---
name: llm-knowledge-base
description: >
  Deploy a personal LLM Knowledge Base following Andrej Karpathy's pattern.
  Creates a 3-layer wiki system (raw sources, LLM-maintained wiki, outputs)
  in any directory. Use this skill whenever the user wants to: create a knowledge base,
  set up a wiki, organize their notes with LLM, build a second brain,
  deploy Karpathy's KB pattern, start a personal wiki, or set up an Obsidian
  knowledge base with Claude.
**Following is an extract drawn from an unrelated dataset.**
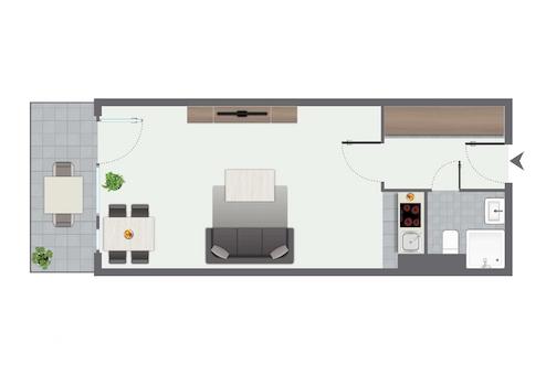 - Praktische Raumaufteilung, die trotz kompakter Wohnfläche eine angenehme Wohnatmosphäre schafft

Also use when someone says "knowledge base",
  "LLM wiki", "personal wiki", "second brain with AI", or asks how to
  organize documents so an LLM can maintain them.
---

# LLM Knowledge Base

Deploy a personal LLM Knowledge Base in any directory. Based on Andrej Karpathy's pattern: instead of RAG (re-derive on every query), the LLM incrementally builds and maintains a persistent wiki from raw sources. The wiki compounds over time — every source added and every question asked makes it richer.

Source: https://gist.github.com/karpathy/442a6bf555914893e9891c11519de94f

## Why this exists

Most people use LLMs with documents via RAG: upload files, model searches for relevant chunks per query, generates an answer. Problem: knowledge never accumulates. Each question starts from zero.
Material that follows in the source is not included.